Le CSE ne s’attarde dès lors pas sur les débats récurrents autour de l’intelligence artificielle (productivité et perte d’emploi), si ce n’est en attirant l’attention du lecteur sur l’exposition de certains groupes particuliers d’entreprises (petites entreprises et certains secteurs) et de travailleurs (les jeunes et les femmes). Pour le CSE, compte tenu de l’évolution rapide de l’intelligence artificielle, toute conclusion risque de devenir rapidement obsolète. En revanche, le constat d’un déficit de compétences apparaît, lui, comme une évidence.

L’importance de la formation initiale et continue

Les chiffres relatifs à l’utilisation de l’IA placent la Belgique dans le peloton de tête européen, tant du côté des entreprises que des travailleurs. Toutefois, sous cette réalité, les compétences numériques « médiocres » des jeunes, ainsi que les résultats globalement mitigés du reste de la population, constituent un handicap majeur pour un pays pourtant pionnier dans l’adoption des technologies d’IA.

Ainsi, alors que 39 % des travailleurs déclarent avoir besoin d’approfondir leurs connaissances ou leurs compétences en matière d’outils et de systèmes d’intelligence artificielle dans le cadre de leur travail, seuls 14 % d’entre eux ont suivi une formation à cet effet au cours de l’année écoulée. De plus, la participation des travailleurs belges à la formation est inférieure à la moyenne européenne et les thématiques liées à l’IA ne sont pas encore souvent intégrées dans les cursus existants. Dès lors, la formation initiale ne prépare pas suffisamment les jeunes en Belgique aux défis de l’avenir numérique. Les entreprises identifient d’ailleurs la pénurie de compétences, ainsi que les coûts élevés, comme les principaux freins à l’adoption de l’IA.

Pour la FEB, l’enjeu sociétal lié à la maîtrise de l’intelligence artificielle relève, dans un premier temps, de la responsabilité des autorités, et plus particulièrement du système éducatif. Ce n’est qu’à partir d’un socle solide de compétences de base que les besoins spécifiques des secteurs et des entreprises pourront être adéquatement rencontrés.

Ce que la FEB retient des recommandations du CSE (Marie-Lise Pottier Centre de compétence Emploi & Sécurité sociale de la FEB )

- 1) Faire des compétences la colonne vertébrale de la transition vers l’IA

Le CSE plaide pour une stratégie éducative et de formation continue intégrant l’IA dès les premières étapes, sans pour autant sacrifier les compétences fondamentales ni l’esprit critique. Il insiste également sur le renforcement de la formation tout au long de la vie, en particulier pour les publics moins qualifiés et plus âgés.

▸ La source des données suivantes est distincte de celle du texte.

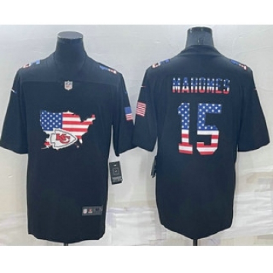 Men's Kansas City Chiefs #15 Patrick Mahomes 2022 USA Map Fashion Black Color Rush Stitched Nike Limited Jersey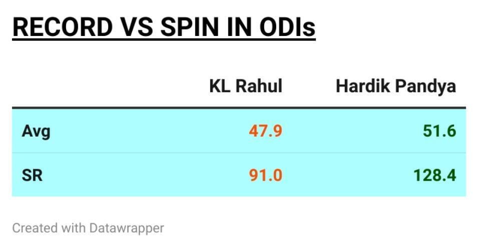 At No. 5, Hardik will get to face more spin. Here is a comparison of Rahul’s and Hardik’s numbers against spin in ODIs: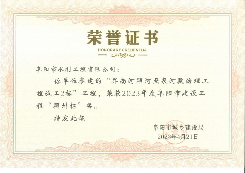 2023年度阜陽(yáng)市建設(shè)工程“潁州杯”獎(jiǎng)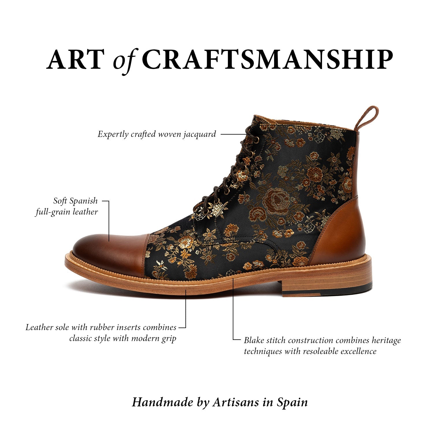 The Jack in Eden is a bold take on TAFT's signature product. This men's boot includes expertly crafted woven cotton jacquard and a durable cap-toe built to last and guaranteed to garner compliments.
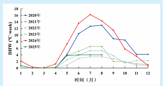 黄岩岛海域DHW的月际变化对比(2020年~ 2025 年)

- 2) Soutenir l’adoption de l’IA dans les PME

Le rapport souligne la nécessité de sensibiliser et d’aider les structures de petite taille, notamment par le biais d’aides (financières ou non) et des écosystèmes (centres de référence) pour faciliter l’intégration de l’IA.

- 3) L’intelligence artificielle au service du marché de l’emploi

Enfin, le Conseil supérieur de l’emploi met en avant le potentiel de l’intelligence artificielle pour améliorer le fonctionnement du marché du travail, à condition que son déploiement s’inscrive dans un cadre transparent, concerté et attentif à la qualité de l’emploi.